Novie menjelaskan, dalam perubahan peraturan tersebut, pihak Kemenhub atau TNI diberikan kewenangan untuk menindaklanjuti drone yang sedang diterbangkan apabila dinilai membahayakan penerbangan dengan cara dijatuhkan atau ditembak dengan alat khusus, seperti drone-jamming.

"Melihat ancamannya ke penerbangan sipil, kita mengamendemen peraturan ini sehingga kita bisa proaktif untuk mengambil langkah, seperti menjatuhkan dan sebagainya," katanya, di Jakarta, Senin (23/5).

Hal ini karena, dia menyebutkan salah satu kejadian, yakni ditemukan drone tengah memotret pesawat di mana ketinggiannya jauh melebihi ketinggian pesawat tersebut di Yogyakarta. Ia mengatakan, dalam peraturan yang sebelumnya, yakni PM 180 Tahun 2015, Kemenhub hanya memiliki kewenangan preventif, seperti melarang, dan bukan kewenangan represif untuk menindak.

Novie mengatakan, peraturan tersebut telah diundangkan pada 3 Mei 2016 sejak ditandatangani oleh Menteri Perhubungan Ignasius Jonan pada 21 April 2016. Dalam mengoperasikan drone, ia menjelaskan, operator harus memiliki izin yang permohonannya harus berisi informasi lengkap dari drone itu sendiri, seperti spesifikasi teknis airborne and ground system, prosedur pengoperasian, prosedur keadaan darurat, kompetensi, dan pengalaman pilot (operator).

Kemenhub dapat menjatuhkan sanksi apabila drone tersebut dioperasikan di kawasan keselamatan operasi penerbangan (KKOP), contohnya bandara, kemudian di controlled airspace dan uncontrolled airspace pada ketinggian lebih dari 500 kaki atau 150 meter di atas permukaan tanah (AGL).

TNI juga bisa memberikan sanksi apabila drone dioperasikan di kawasan udara terlarang (prohibited area) dan kawasan udara terbatas (restricted area). Prohibited area itu contohnya Istana Presiden, kilang minyak, atau pangkalan udara TNI," katanya.
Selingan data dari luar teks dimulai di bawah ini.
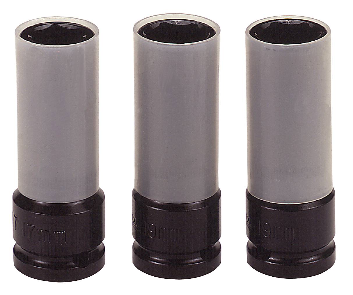 Sats om 3 1/2” hylsor av krommolybdenstål. För dragning av hjulmuttrar. Försedda med skyddshylsa som skyddar vid användning på aluminiumfälgar.
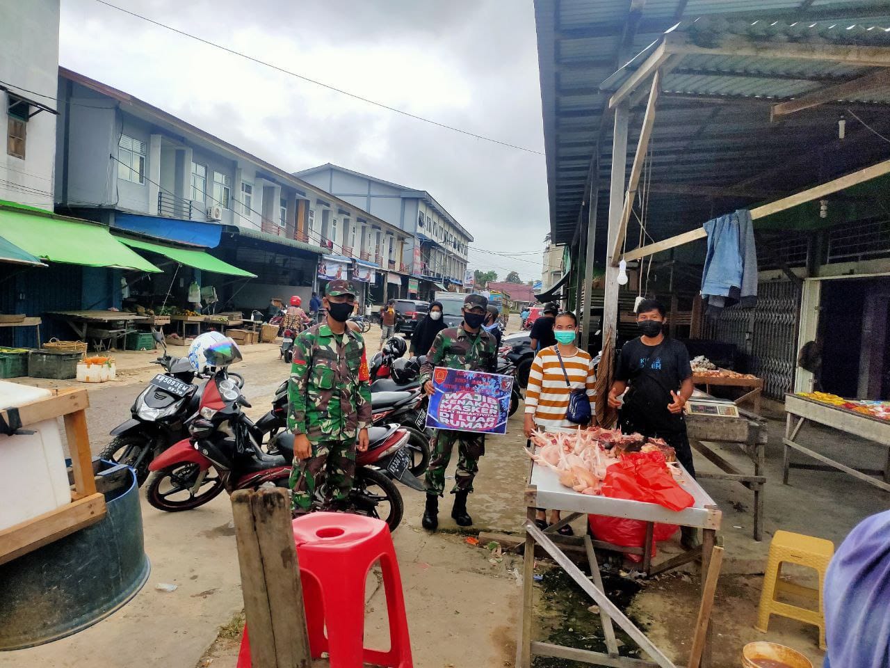 Melawi, Kalbar – Untuk mencegah penyebaran Covid – 19, Batalyon Infanteri 642/Kapuas mendatangi Pasar Rakyat guna menegakkan Protokol Kesehatan di sekitaran Kec. Nanga Pinoh, Kab. Melawi, Kalbar.
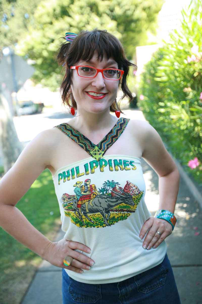 Well, my artwork is often very colorful and incorporates pattern. I’d say the same is true of my clothing. I love bright colors and putting together different combinations that I haven’t tried before with the same old things. The process that I go through when getting dressed is a lot like how I make a collage, involves a lot of experimentation before I get a result I like. I guess my recent work involving drawings and paintings of garbage piles sort of loosely relates to my style since so much of my wardrobe is made up of second-hand clothes that someone else didn’t want…I’m inspired by so many different things when creating my work, I guess we call that eclectic. My outfits are also that way, I pair expensive with cheap, old with new, exotic with pedestrian.
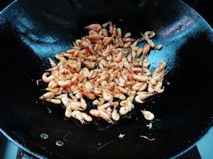 炒锅倒入食用油烧热,下河虾煸炒至酥脆然后关火放凉备用。
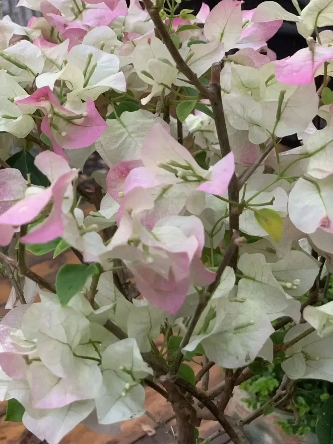 三角梅清雅灵动,白瓣裹着淡粉,在微风细雨里轻轻摇曳。
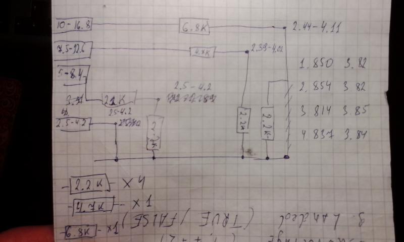 Вроде никто так и не собрал схему делителей напряжения, а я решил попробовать.
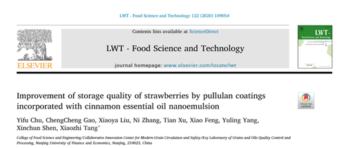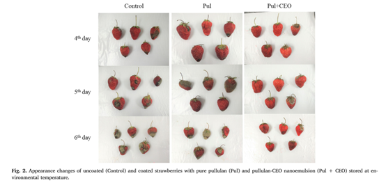 草莓果实营养丰富,拥有“水果皇后”的称号。然而,草莓成熟后表皮极薄,在采摘和储存过程中极易受到机械损伤与细菌霉菌侵染,通常情况下在常温放置3天即失水霉烂严重,失去商业价值。因此,如何维持新鲜草莓的品质,延长草莓的储藏时间一直以来都是国内外研究人员的热点问题。涂膜保鲜法因为具有操作简单易行、良好的气体选择透过性和有效防止微生物侵入等优势,成为近年来果蔬采后保鲜领域的热点研究方向。本研究以天然高分子可降解材料普鲁兰多糖为成膜基材,添加肉桂精油纳米乳液以提升复合膜的抗菌性能。对新鲜草莓涂抹保鲜的应用研究发现, 经过肉桂精油纳米乳液/普鲁兰多糖基复合膜液涂膜后的草莓,其在贮藏期结束时的重量损失、腐败率、硬度、可溶性固形物、可滴定酸和微生物指标均显著好于纯普鲁兰膜液组和对照组的草莓。实验结果表明草莓果实经过肉桂精油纳米乳液/普鲁兰多糖基复合膜液涂膜处理后,可以有效地延长贮存期,延缓衰老,并保持良好的外观品质,可见使用肉桂精油纳米乳液/普鲁兰多糖基复合膜液涂膜是一种极具潜力的保鲜手段。相关研究结果以“Improvement of storage quality of strawberries by pullulan coatings incorporated with cinnamon essential oil nanoemulsion”为题发表在LWT杂志上,av女优
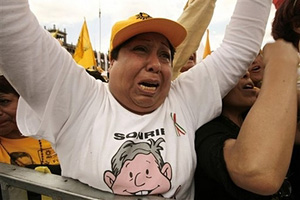 | | A supporter of Mexican presidential candidate Andres Manuel Lopez Obrador weeps at the end of a massive march in demand of a ballot by ballot recount of the last July 2 elections in Mexico City, Mexico on Sunday July 16, 2006. (AP/Dario Lopez-Mills) | Mexico's still-unresolved presidential election threatens the sharply divided country with instability, according to a Latin American expert from American University in Washington, D.C.
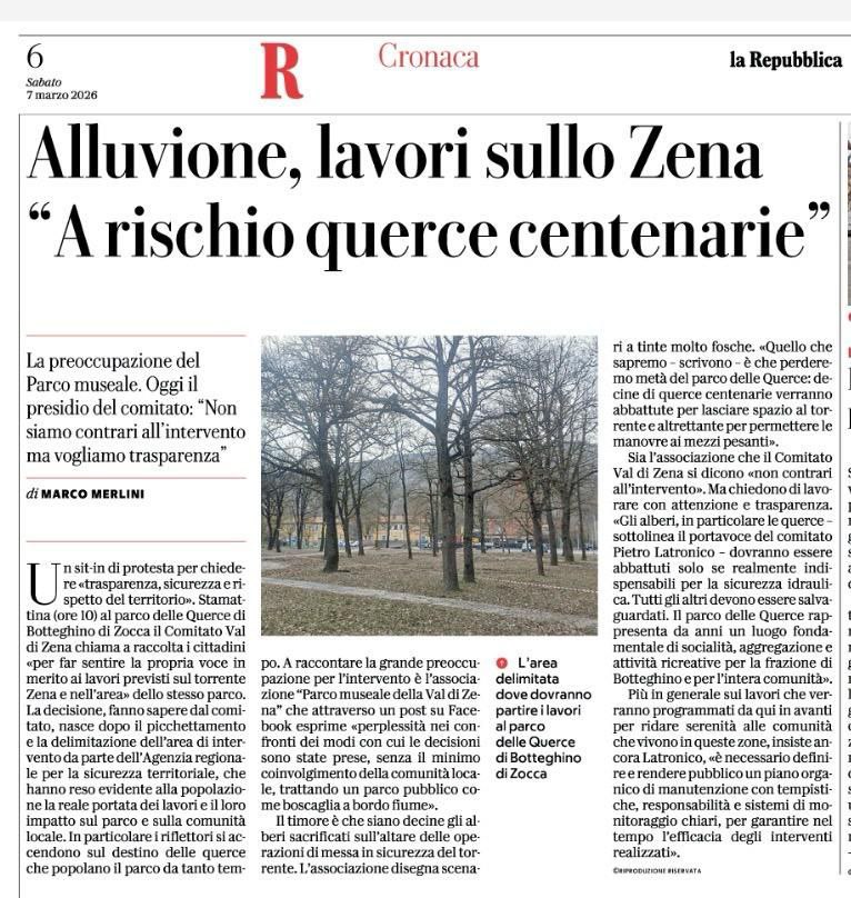 Alluvione, lavori sullo Zena. “A rischio querce centenarie” (QN 7 marzo 2026)

Novie menuturkan, sanksi yang dikenakan yaitu sanksi administratif berupa peringatan, pembekuan izin, pencabutan izin, dan denda administratif. Denda administratif yang dimaksud adalah membayar antara 1.001 hingga 3.000 penalty unit, dengan satu unit penalti bernilai Rp 100 ribu.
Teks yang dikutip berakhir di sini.